Blinatumomab holds promise for relapsed B-ALL in children/AYAs
The bi-specific T-cell engaging antibody blinatumomab bested chemotherapy as a post-reinduction consolidation prior to transplant in children and adolescents and young adults (AYAs) with first-relapse B-cell acute lymphoblastic leukaemia (B-ALL), according to phase III data presented at ASH 2019, highlighting the potential of blinatumomab as a new standard of care in this setting.
Despite dramatic improvements in cure rates over the years, survival remains poor for first relapse of B-ALL in this patient subgroup especially for early relapses, said study author Dr Patrick Brown from the Sidney Kimmel Comprehensive Cancer Center, Johns Hopkins University in Baltimore, Maryland, US. “[We thus sought] to determine if substituting chemotherapy with blinatumomab as intensive consolidation after initial induction chemotherapy would improve survival in [this setting].”
Following risk assignment of participants with first-relapse B-ALL after receiving 1 month of induction chemotherapy (median age 9 years, 16 percent AYAs), 208 with HR/IR* were randomized 1:1 to receive either two blocks of consolidation chemotherapy (4 weeks each block) or two continuous infusions of blinatumomab 15 µg/m2/day (28 days each infusion, then 7 days off). [ASH 2019, abstract LBA1]
After a median follow-up of 1.4 years, blinatumomab demonstrated superior efficacy over chemotherapy as reflected by the improvements in disease-free survival (59 percent vs 41 percent; p=0.05) and overall survival (79 percent vs 59 percent; p=0.005).
Blinatumomab was well tolerated, with fully reversible adverse events (AEs) and no AE-related deaths. The rates of grade 3/4 febrile neutropenia, infection, sepsis, and mucositis were strikingly higher with chemotherapy during the first post-randomization block (p<0.001 for all). “These differences were even more striking during the second post-randomization block … with the exception of mucositis,” said Brown.
Of note were the four toxic deaths with chemotherapy, noted Brown. “[These were] all infections … three of [which] were AYAs, suggesting the enhanced chemotoxicity in this subset ... [This] is something that can be seen in prior studies of ALL … The improvement in survival with immunotherapy in the relapse setting may be particularly important in the AYA population since the burden seems to be greatest [in this cohort].”
In terms of MRD** response, induction chemotherapy did not appear to generate benefit, given the similar fraction of participants achieving an MRD-negative status in the chemotherapy and the blinatumomab arms (22 percent vs 18 percent). This, according to Brown, underscores the limited efficacy of chemotherapy in early relapse.
However, a striking difference in MRD negativity was observed between the two arms following the post-randomization regimens. At the first post-randomization cycle, 29 percent of chemotherapy recipients achieved MRD negativity whereas in the blinatumomab arm, the rate was much higher at 76 percent. This effect persisted until the second post-randomization cycle (33 percent vs 66 percent for chemotherapy and blinatumomab, respectively).
Nonetheless, the more pronounced MRD response with blinatumomab during the first post-randomization cycle raises the question of whether a second cycle is warranted for patients who have already achieved MRD clearance in the first cycle, Brown pointed out.
With regard to transplant bridging, only 45 percent of chemotherapy recipients were able to proceed to transplant as opposed to 73 percent in the blinatumomab arm.
The triple advantage
Brown attributed the survival improvements with blinatumomab to three factors: the higher rates of MRD response, fewer and less severe toxicities, and greater likelihood of proceeding to transplant.
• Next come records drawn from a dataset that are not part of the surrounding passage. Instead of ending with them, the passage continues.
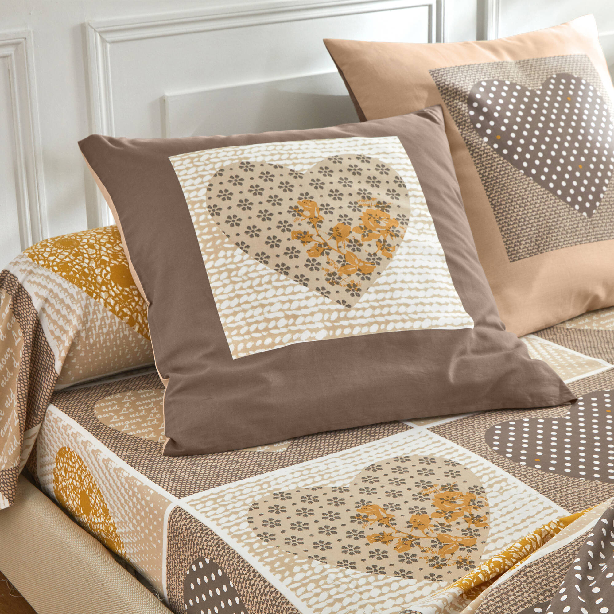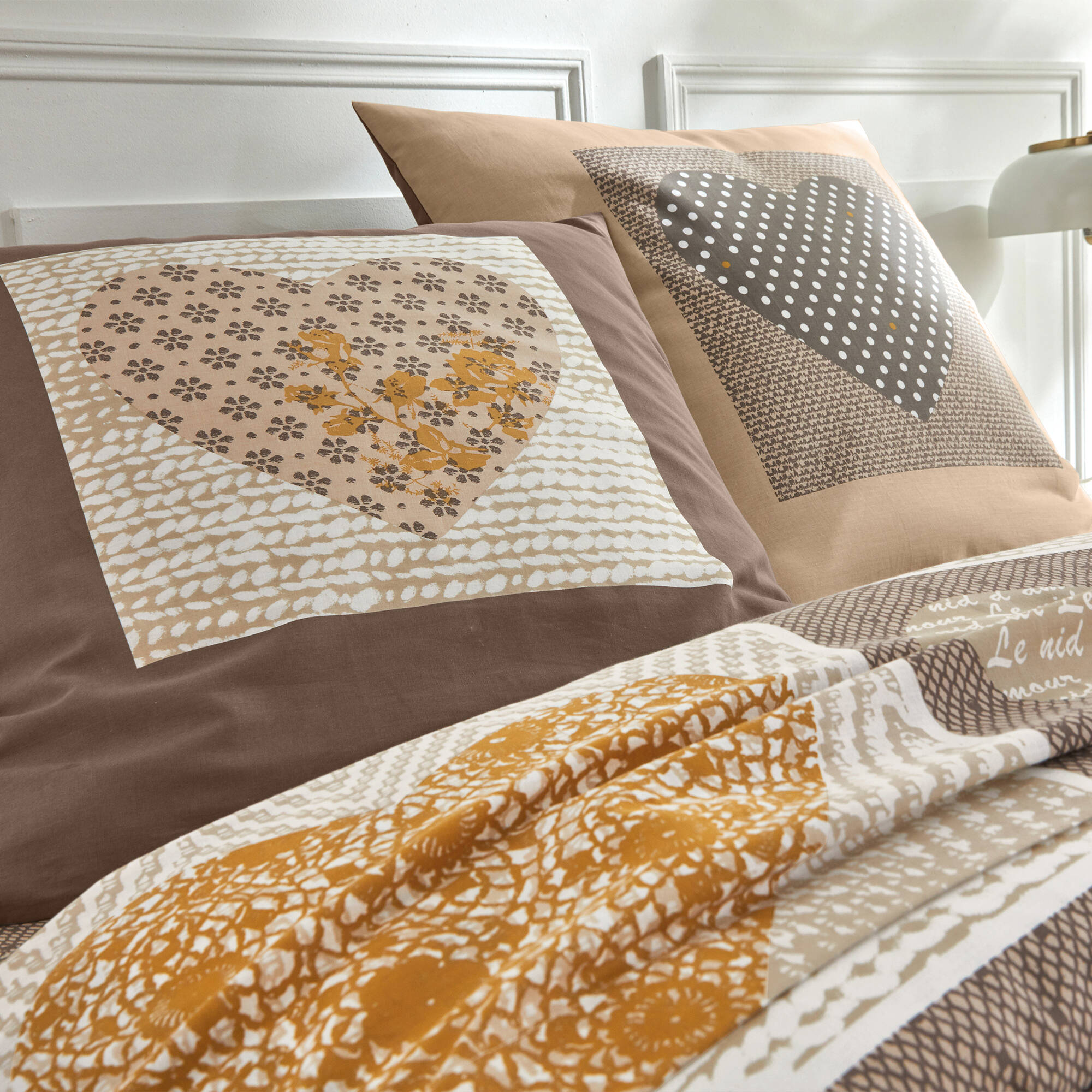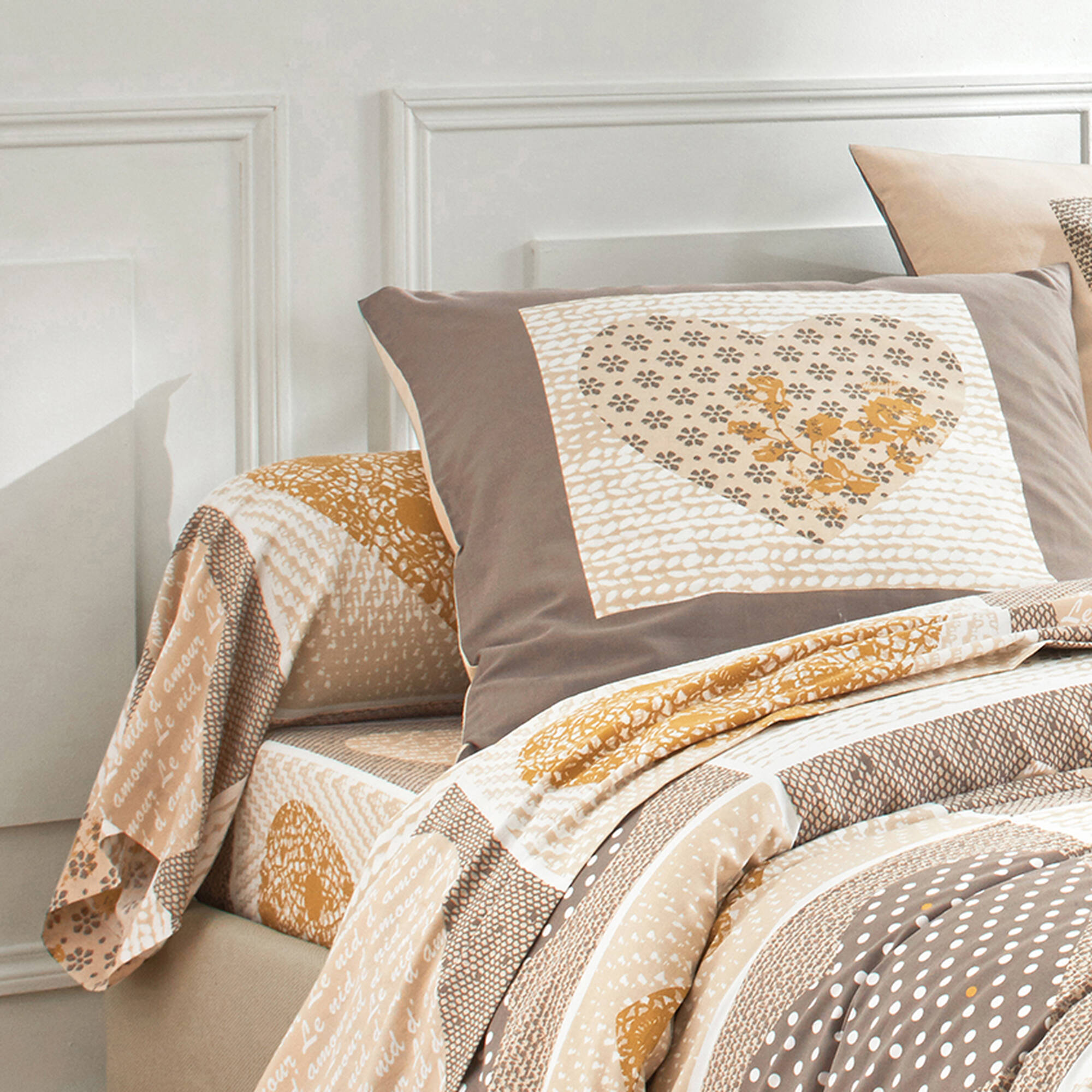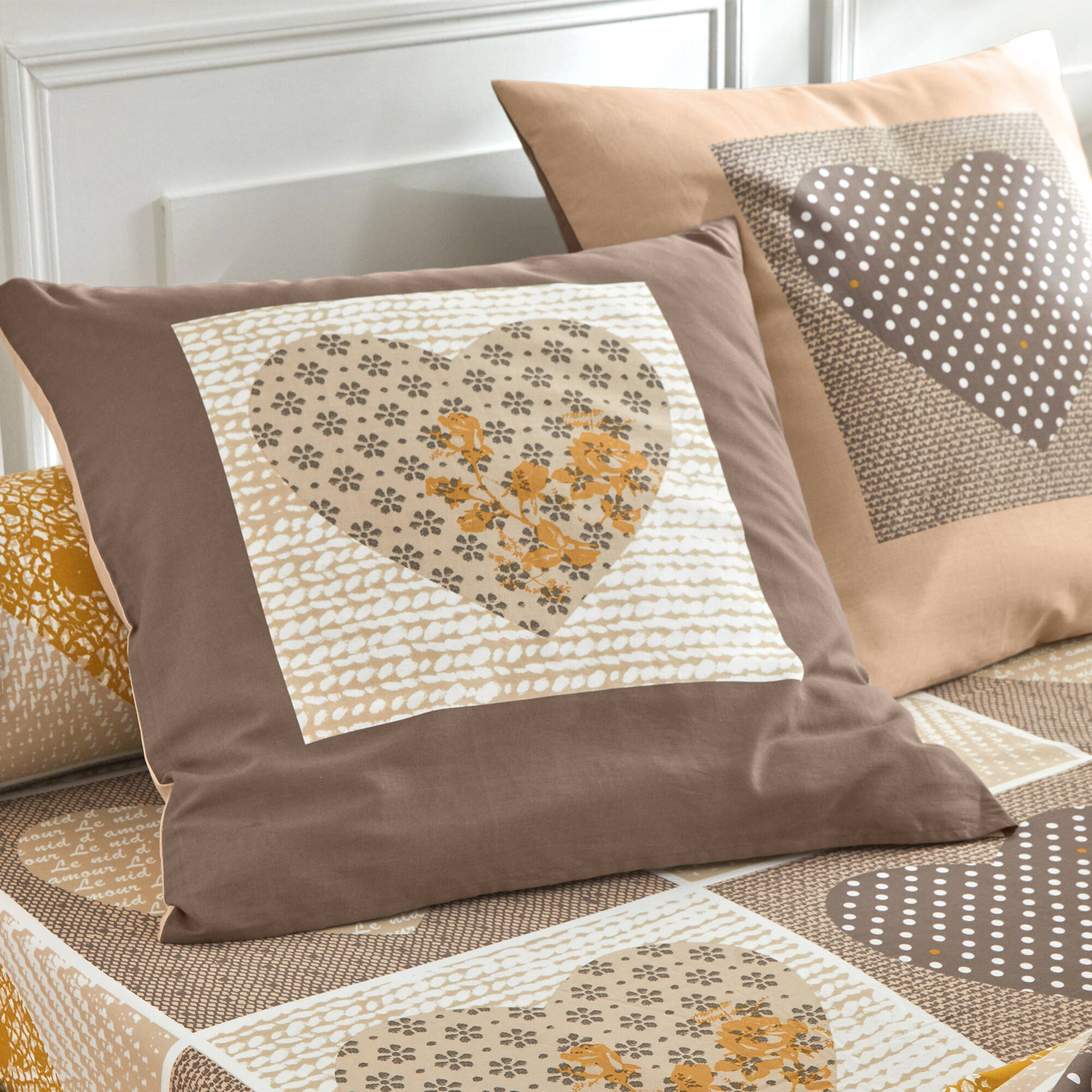 Linge de lit Lovely en flanelle imprimé coeurs  (beige / caramel)
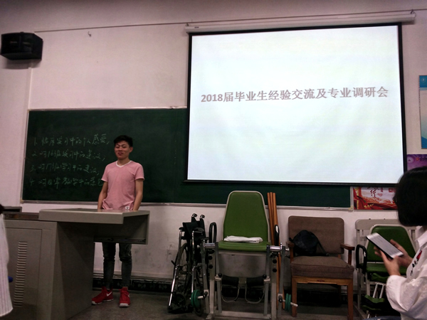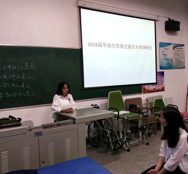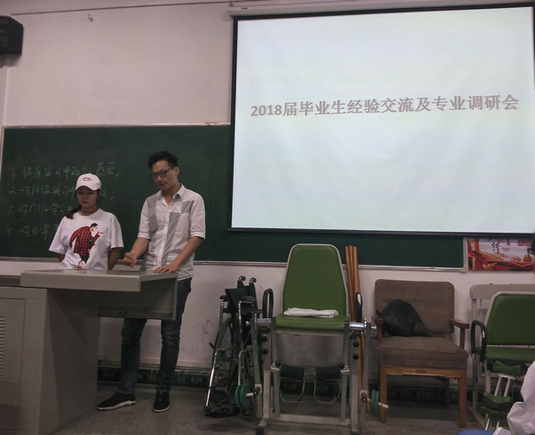 为促进本专业的健康持续发展,完善人才培养模式,实现教学与临床实践的紧密结合,2018年5月12日医学院康疗教研室在弘德楼201教室召开了2018届毕业生经验交流及专业调研会。康疗专业全体教师、18届优秀毕业生代表以及16级、17级康疗专业班委成员,共计40余人参加了会议。
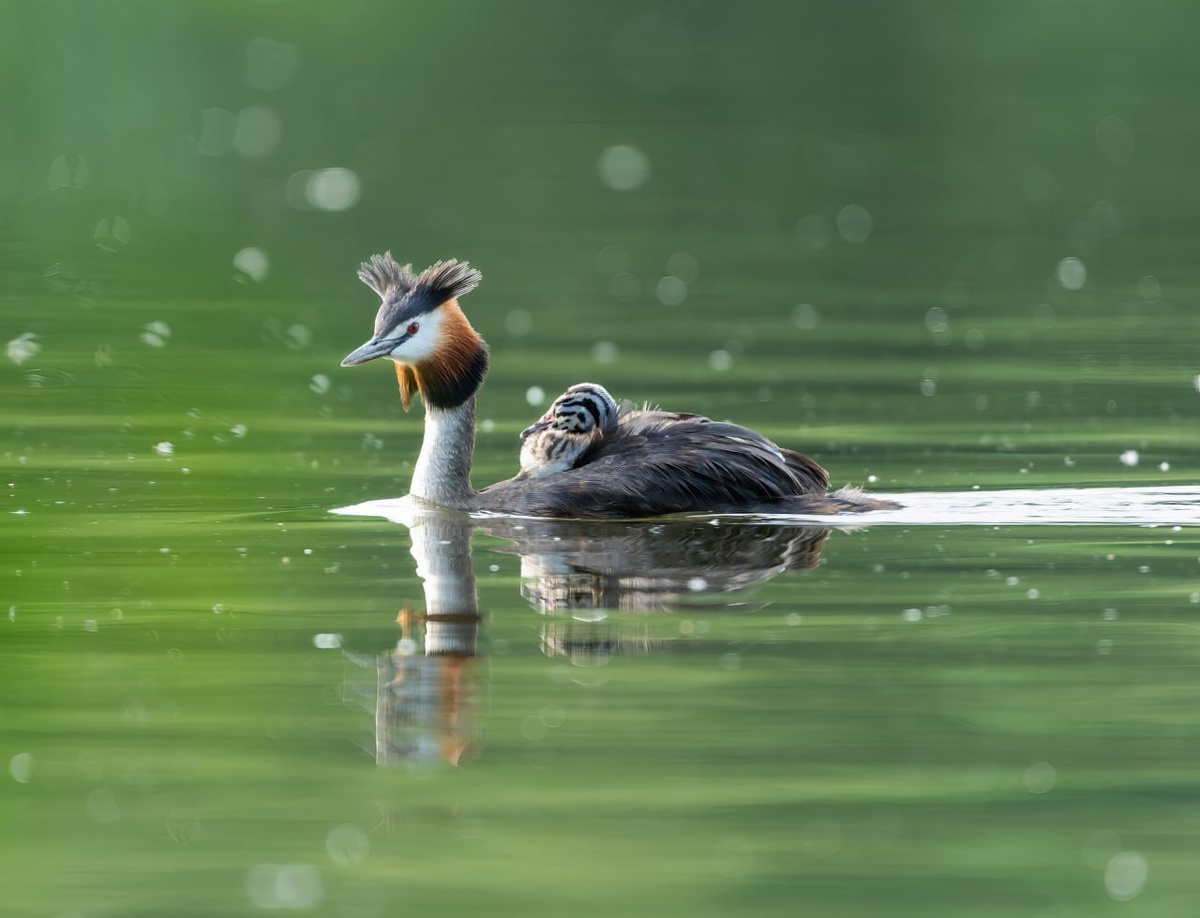 Классический портрет мамы чомги и её полосатое дите. В этот раз более менее повезло со светом и ветром #Царицыно #Чомга #Птенец #GreatCrestedGrebe #matinggames #tsaritsyno #Podicepscristatus #Chick

“Blinatumomab recipients were more likely to have residual disease in their bone marrow cleared than patients receiving chemotherapy. [Moreover,] serious AE rates were much lower in the blinatumomab vs chemotherapy arm,” explained Brown. “The primary AEs observed with chemotherapy included life-threatening or even fatal infections. This was not seen with blinatumomab,” he continued.
“Lastly, blinatumomab recipients were far more likely to successfully proceed to therapy to receive a bone marrow transplant,” added Brown. “Since transplant is deemed as the … best chance of cure for these patients, we believe a significant contributor to the improved survival for blinatumomab is the ability to successfully bridge to transplant … This factor is particularly important.”
Future investigation will explore optimization of immunotherapy in this setting through strategies such as combining blinatumomab with checkpoint inhibitors, attempting to use immunotherapy to replace/augment reinduction chemotherapy, and investigating the ability of CAR*** T-cells to replace/augment transplant, said Brown.